DATASET CONTENT Start Marker

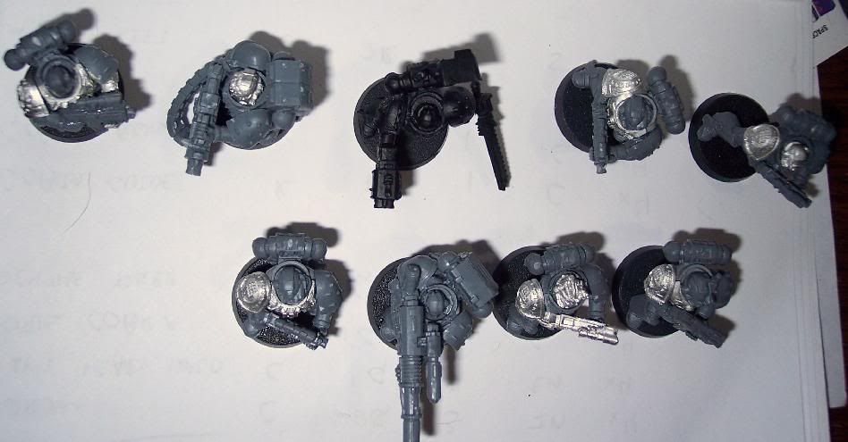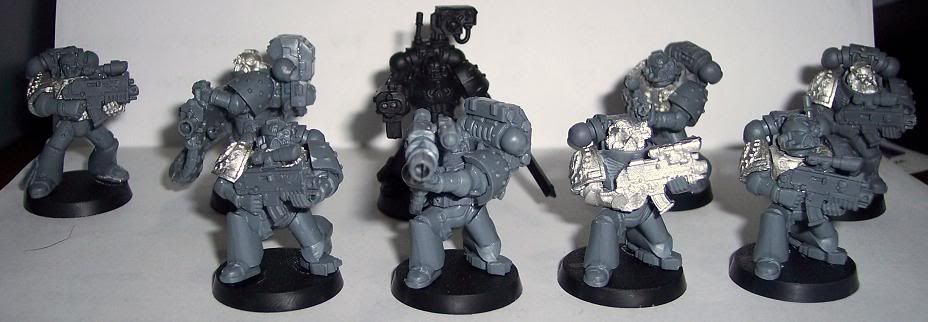 Head: Bionic - Iron Hands or Plastic Torso: Iron Hands or MK8 Arms: 1 Iron Hands and 1 Normal or Heavy Weapon Legs: Iron Hands or MK6 - Standing, Walking or Kneeling Backpack: Devastator for Sgts and Large Skull for Non-Sgts Bolters: All will have scopes
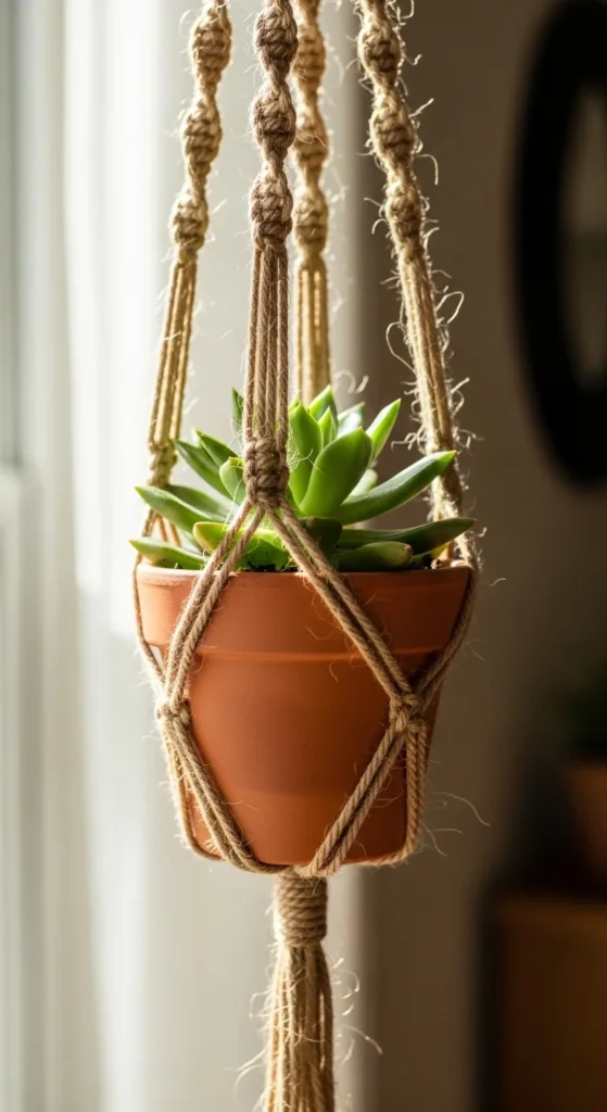 Crochet plant hangers combine gentle hand motion with practical decor. Even beginners can learn the basic loops quickly.
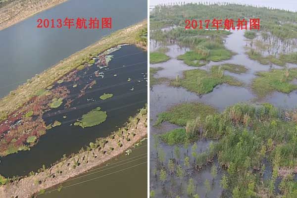 根据2013航拍和2017航拍两相对比,就看出安树青教授对南湖湿地做出的整体规划和改变。
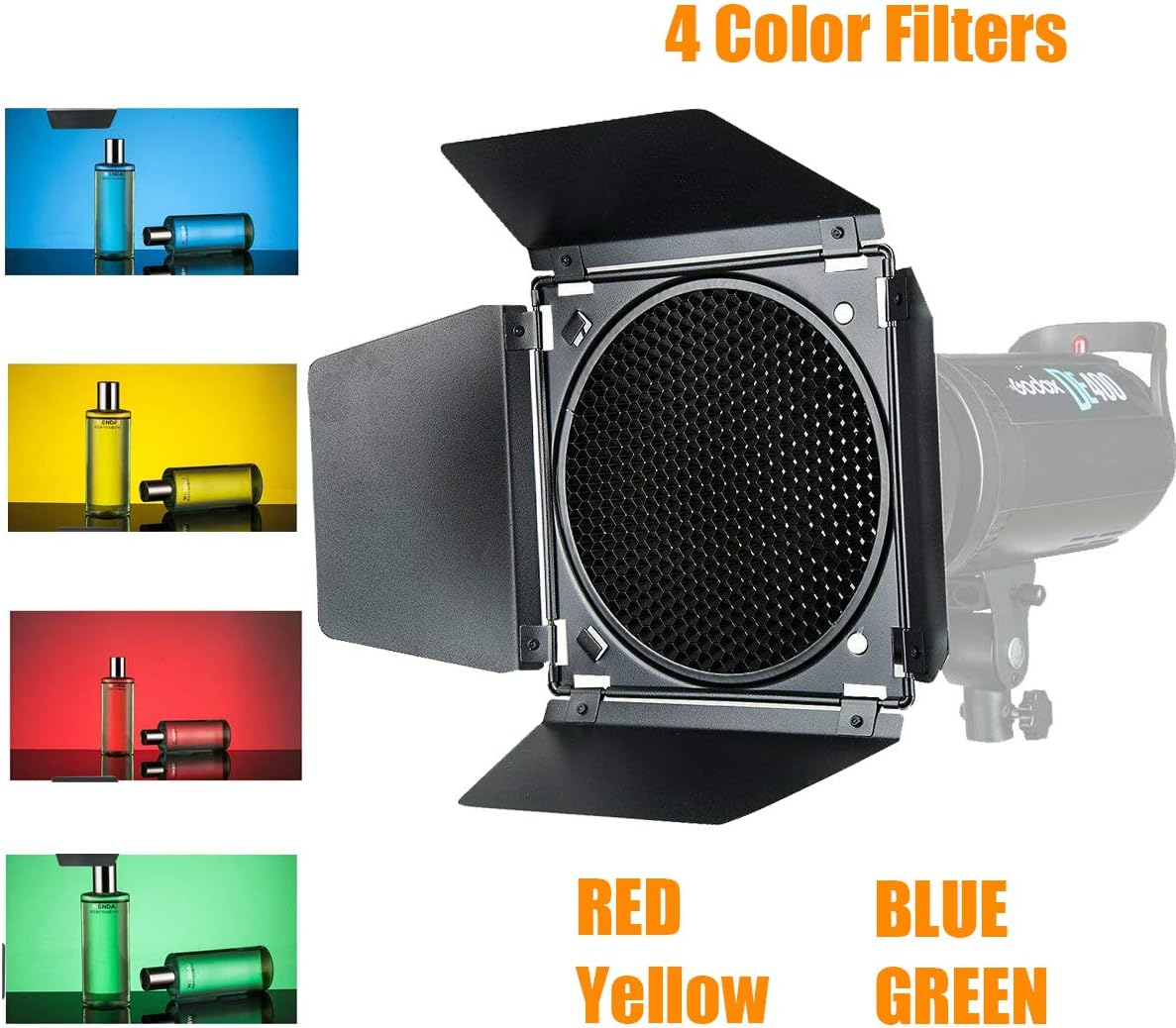 This Barn Door is fixed on 7" standard reflector. The 4pcs flags is adjustable for flexible lighting shaping. Light can be concentrated for need. It is also packed with 4pcs filters. Take advantage of the filters to shoot in different environment. FEATURES - 4 color filters to allow you to have different background colors. They are used to either correct the light balance or create dramatic lighting effects. These are also used to change colors of backgrounds. They are designed to be used with the barn door attachment / lens holder - 1 Honeycomb designed to give you ultimate control on the direction of your light. The honeycomb grid will turn a strobe head into a specular light source. It will emit a beam of light precisely where you aim. Photographers who use these tend to use many, "painting a scene" precisely with pools of light - This 4 leaf barndoor set is specifically designed for use on the reflector. Barndoors is essential accessories for any lighting system. These devices alter the shape, intensity, or color of the light output from your flash heads. Use of a barndoor set will result in a shaft of light, when it is attached to the front of the reflector of your light source. The size of the shaft of light will be determined by the opening of the leaves, and the distance of the light from the subject SPECIFICATION - Size: 178mm 6mm*6mm CONTAINS - 1 x Barn Door - 1 x Honeycomb Grid - 4 x Color Gels Filters (Red, Yellow, Blue & Green) -1x TUYUNG cloth
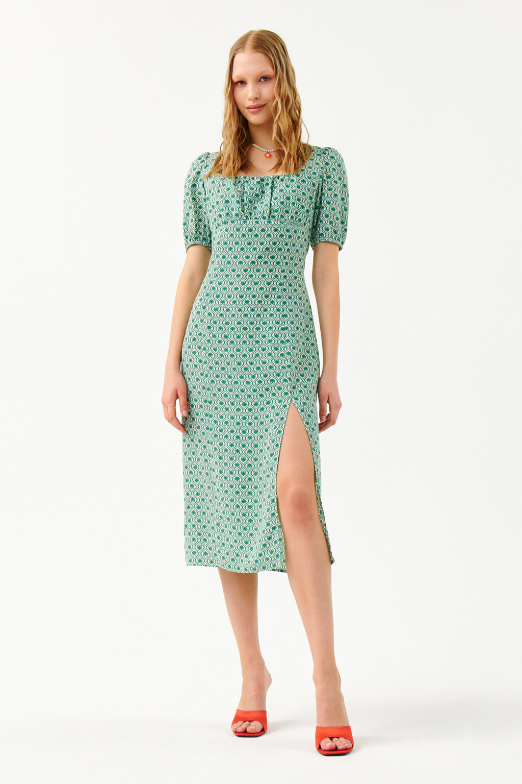 Платье-миди с квадратным вырезом и юбкой годе 00003822 зеленый купить в

DATASET CONTENT End Marker

▸ TASK OBJECTIVE
Of the records above, print only the lines from the one containing "Crochet plant hangers" through the one containing "根据2013航拍和2017航", inclusive and unaltered, leaving out pictures.

▸ REPLY TO THE EXERCISE
 Crochet plant hangers combine gentle hand motion with practical decor. Even beginners can learn the basic loops quickly.
 根据2013航拍和2017航拍两相对比,就看出安树青教授对南湖湿地做出的整体规划和改变。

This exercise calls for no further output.